Sync failure and recovery
Sync failure
If the sync connection fails between the active and standby systems, the standby attempts to sync with the active instance for 90 seconds. The connection between the active instance and standby instance is considered lost after three missed heartbeats (approximately 90 seconds).
Recovery
- attempt to recover from a temporary sync failure
For instructions, see Recovering from sync failure.
- initiate the switchover of roles between the two clusters, if the system
with the active role is still reachable
For instructions, see Initiating failover: switching between the active and standby clusters.
- initiate standalone operation on the standby
For instructions, see Making the standby system active - standalone operation.
Recovering from sync failure
If the sync failure is because of a temporary glitch, and both active and standby clusters are still available, use the following procedure to recover the sync connection and initiate a force start on the active cluster.
- From the main menu of the active system, select Geo-Redundancy.
-
On the upper-right, click Start Syncing.
WARNING:
Before proceeding to the next step, ensure that there are no pending workload jobs, deployments, or any operations that could potentially modify the database in the background.
- Click Reconcile.
Initiating failover: switching between the active and standby clusters
- Do not make configuration changes until the system is stable and geo-redundancy has been restored. If you must make a configuration change, use only the active site, not the standby.
-
If both clusters are still active, ensure that both clusters are in maintenance mode.
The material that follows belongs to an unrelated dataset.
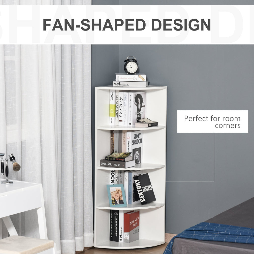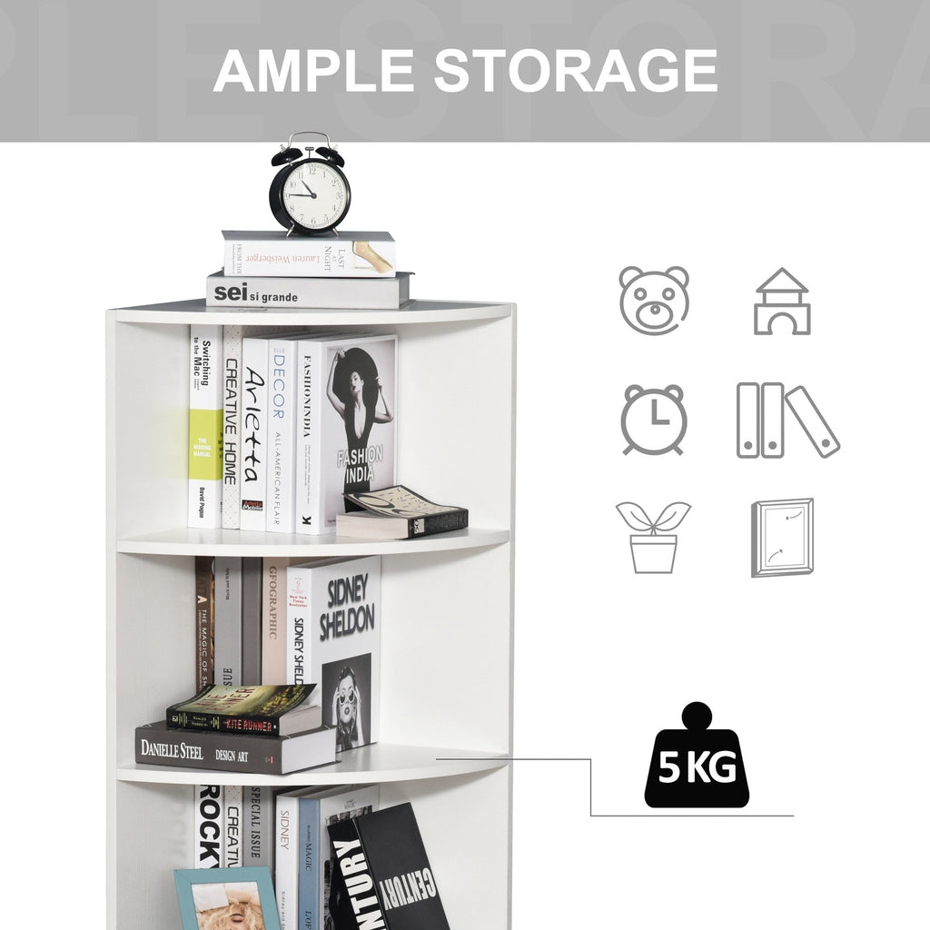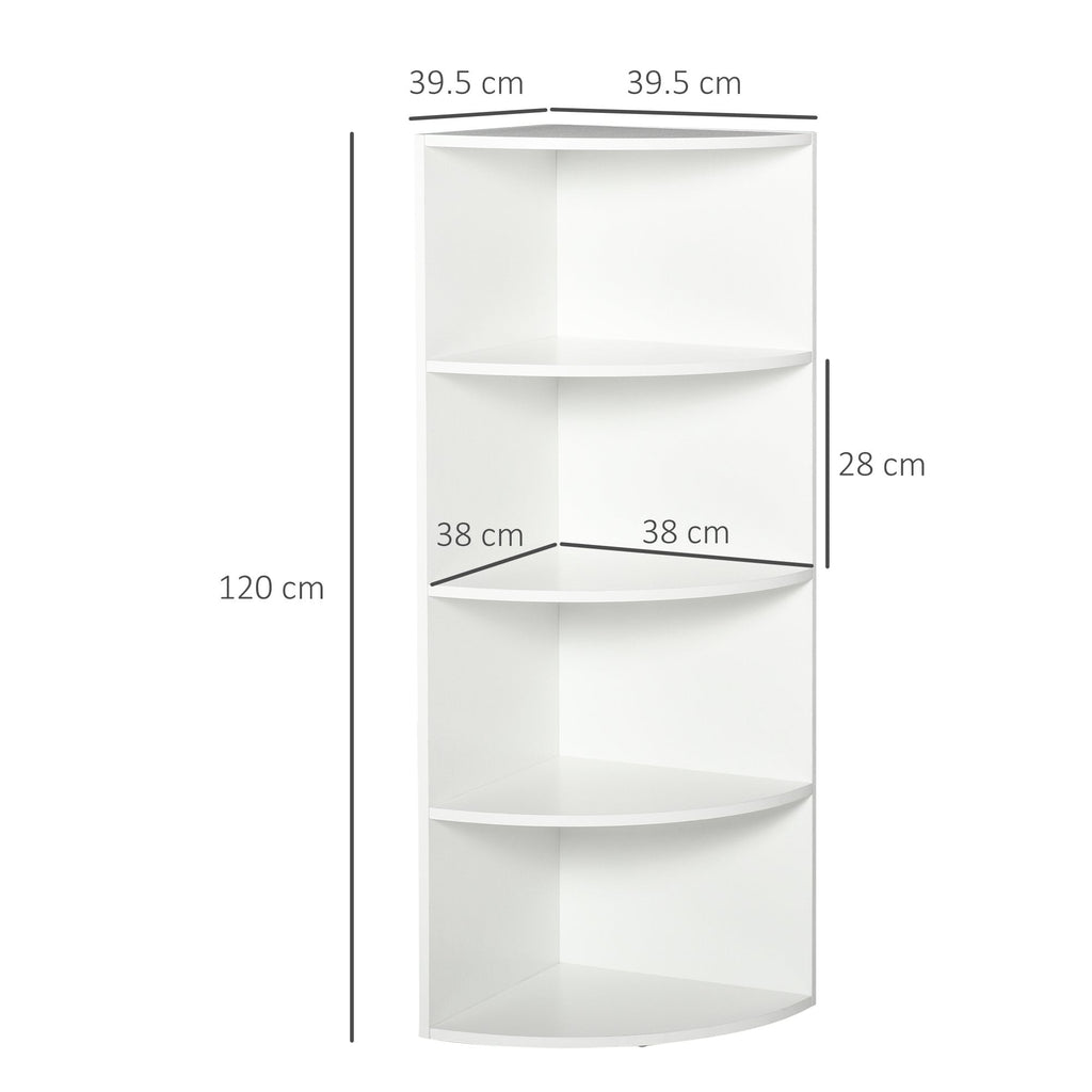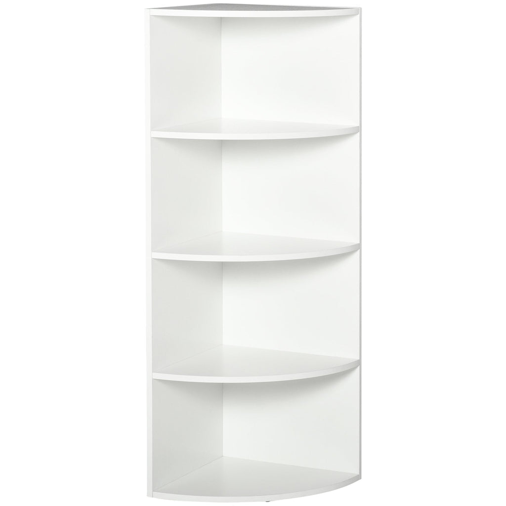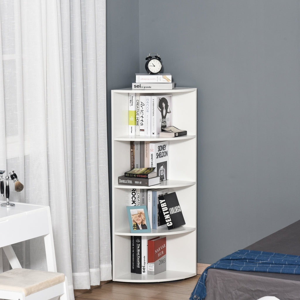 This corner shelf is ideal for those looking for extra storage without compromising on space. Crafted from thick particle board with a melamine surface so it's easy to clean and maintain, it features four spacious shelves to store and display books, photos, plants and more. In a fan-shaped design that fits neatly into corners, it is finished to blend in beautifully with your style decor. A perfect addition to living rooms, bedrooms and hallways.

Do not restart SR Linux nodes.
- Maintenance: if you need to perform maintenance activities on the active
system Note: You need to disable the sync connection first, as shown in step 1 of this procedure.
- Disaster recovery: if cluster 1 becomes unreachable and you want to make cluster 2 the active cluster
-
If you are performing maintenance on the active cluster, stop the sync
connection from the active cluster. Skip this step if you are switching over for
disaster recovery reasons.
On the Geo-Redundancy page of the active system, click Stop Sync.The standby site automatically enters the Sync Aborted state when the active cluster has stopped syncing. Wait until the status of the standby system is Sync Aborted, then continue to step 2.
-
From the Geo-Redundancy page on the standby system, run
an audit.
From the standby Audit drop-down menu, click AuditStart.The status of the audit is shown on the Geo-Redundancy page.Note: The auth pod can go into a crash loop for a few restarts.When the audit completes, continue with the next step.
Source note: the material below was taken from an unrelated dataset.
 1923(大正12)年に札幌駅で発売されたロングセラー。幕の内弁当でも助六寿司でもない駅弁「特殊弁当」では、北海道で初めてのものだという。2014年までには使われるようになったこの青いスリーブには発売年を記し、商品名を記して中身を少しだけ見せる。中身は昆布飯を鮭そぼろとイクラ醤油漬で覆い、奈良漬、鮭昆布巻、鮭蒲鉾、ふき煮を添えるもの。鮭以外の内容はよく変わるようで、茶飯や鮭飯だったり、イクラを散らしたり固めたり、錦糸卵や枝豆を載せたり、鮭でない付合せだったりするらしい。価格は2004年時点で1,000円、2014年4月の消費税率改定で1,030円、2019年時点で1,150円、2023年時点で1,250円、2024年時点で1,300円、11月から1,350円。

- From the upper-right drop-down list, select ForceStandalone.
- Optional:
If you are performing this procedure for maintenance, click
CONFIGURE; otherwise, skip this step.
- In the Local Site section, enable the Active field.
- In the Remote Site section, disable the Active field.
- Optional: If you are performing this procedure for maintenance, click SAVE; otherwise, skip this step.
-
Upload software images to the standby system.
-
Align the deployer configuration between the active and standby systems.